# Please Help



## kwelsh (Aug 23, 2012)

I am a DVC member and an RCI points member. I booked a vacation for this Christmas in a studio at WDW using my DVC points. I realized I needed more room and booked a 2 bedroom using my RCI points. I was excited at all the space I now had and invited other family members to join us. Then RCI called and said they made a mistake and because my home property is within 30 miles of WDW I can not use my points to stay on Disney property. RCI indicated that one possible solution to this problem would be to transfer my points to an RCI member who has an equal number of points then they could  book the vacation and send me as their guest. Does this seem right? How would I go about finding someone? I am so confused. Any help would be appreciated.


----------



## VivianLynne (Aug 23, 2012)

Your RCI Points are Home Resort'ed within 30 miles of Disney?

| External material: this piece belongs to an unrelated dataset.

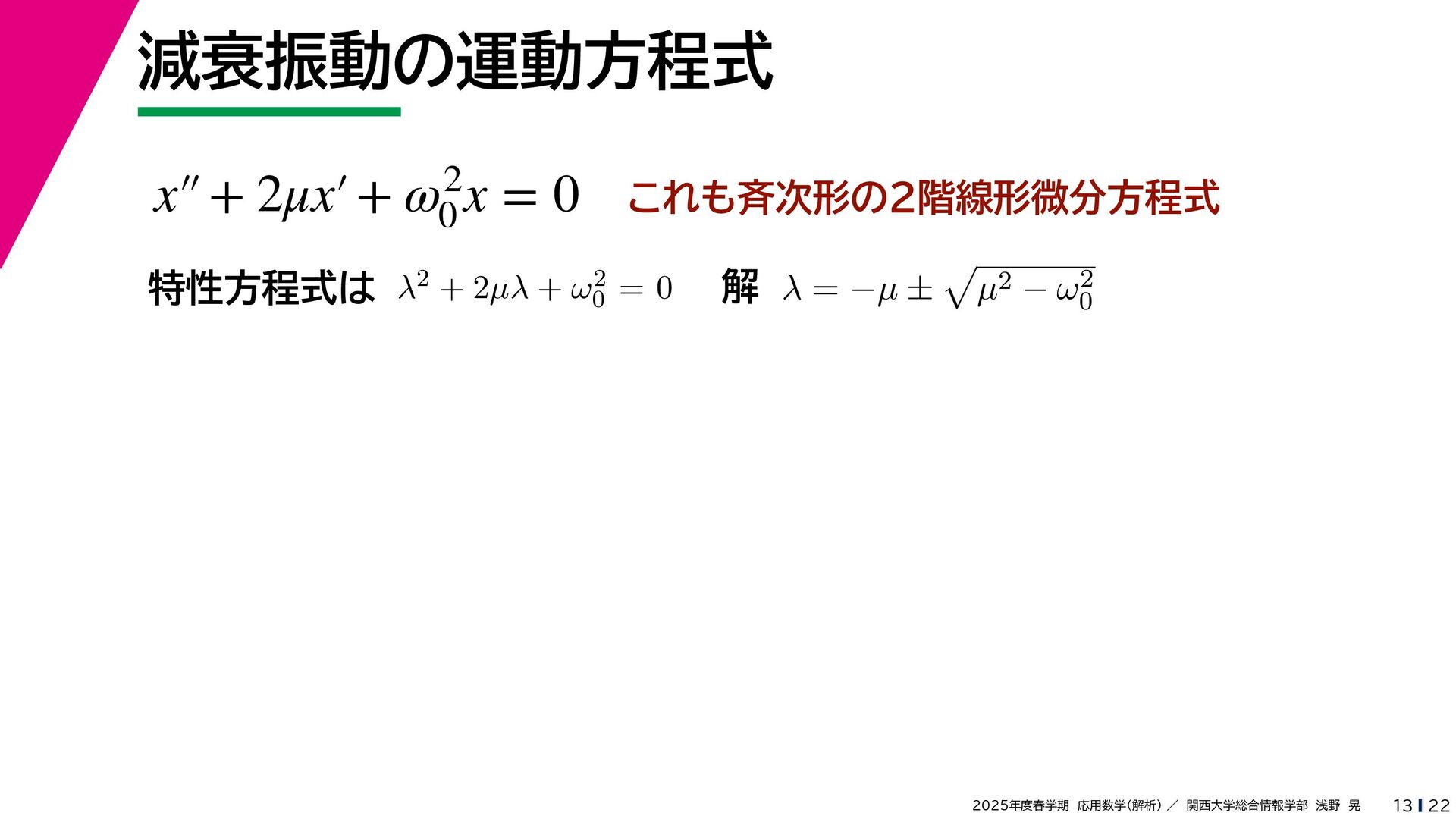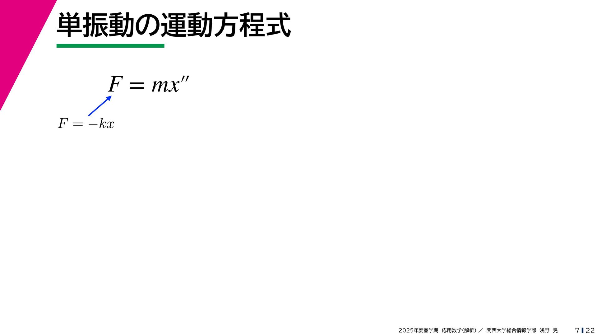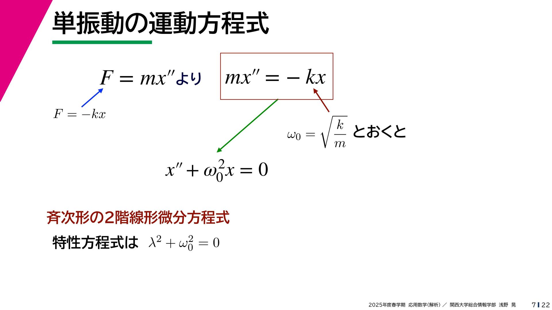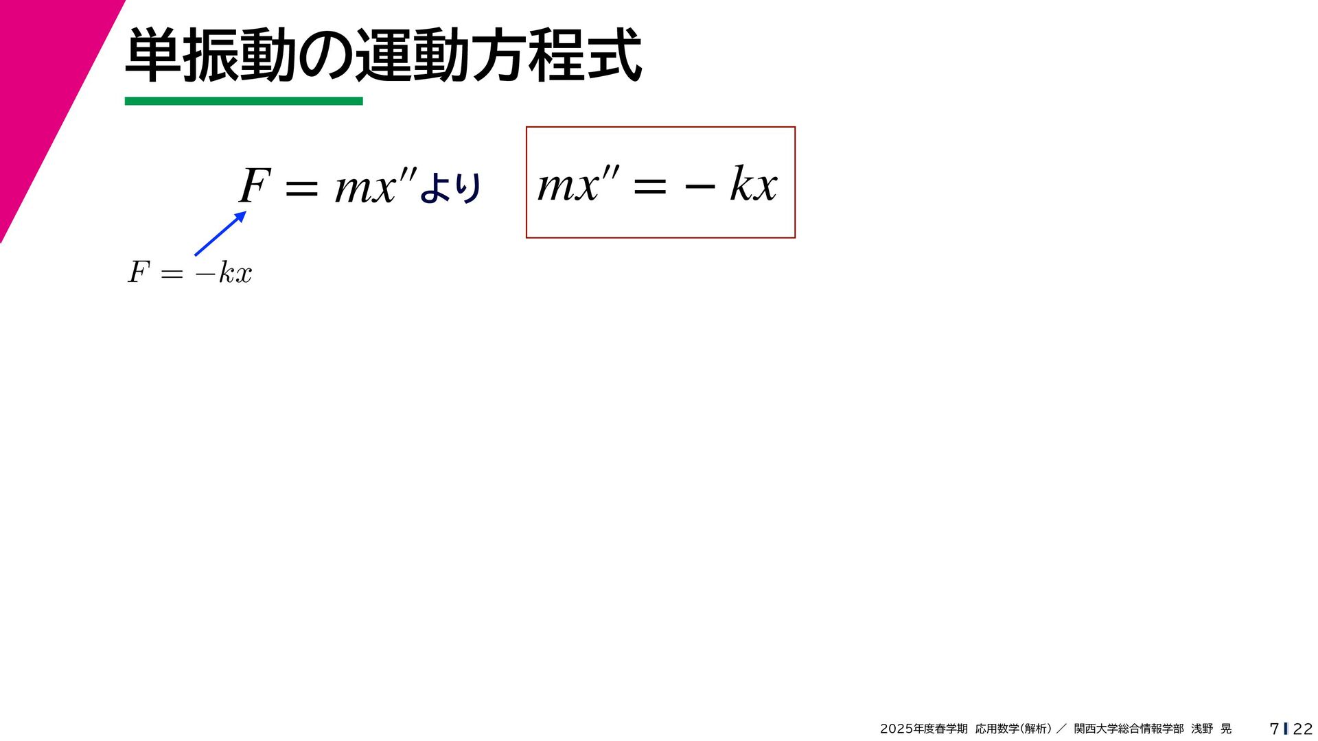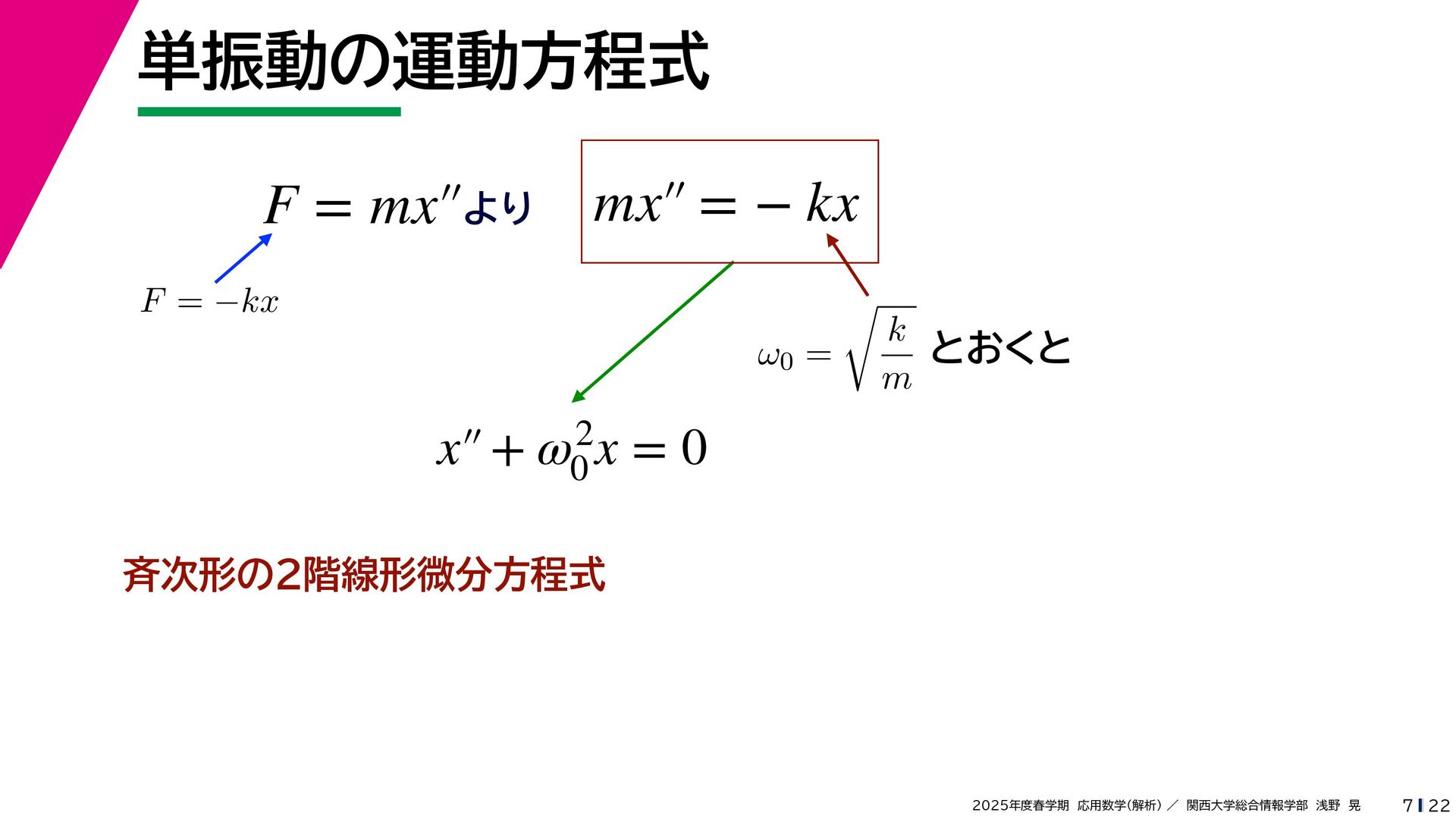 + ϕ) x′ = − Aω0 sin(ω0 t + ϕ) x(0) = A cos ϕ = 0 x′ (0) = − Aω0 sin ϕ = v 一般解 問題に示された初期値によると より cos ϕ = 0 ϕ = π 2 にできる sin ϕ = 1 このとき −Aω0 = v つまり A = − v ω0 以上から,求める特殊解は x = − v ω0 cos(ω0 t + π 2 ) すなわち x = v ω0 sin ω0 t

Or did they somehow figure out, you own DVC points?


----------



## kwelsh (Aug 24, 2012)

VivianLynne said:


> Your RCI Points are Home Resort'ed within 30 miles of Disney?
> 
> Or did they somehow figure out, you own DVC points?


My home resort is within 30 miles.  I do not recall telling RCI I owned DVC points until they called to tell me they would not honor rhe RCI confirmation I received.


----------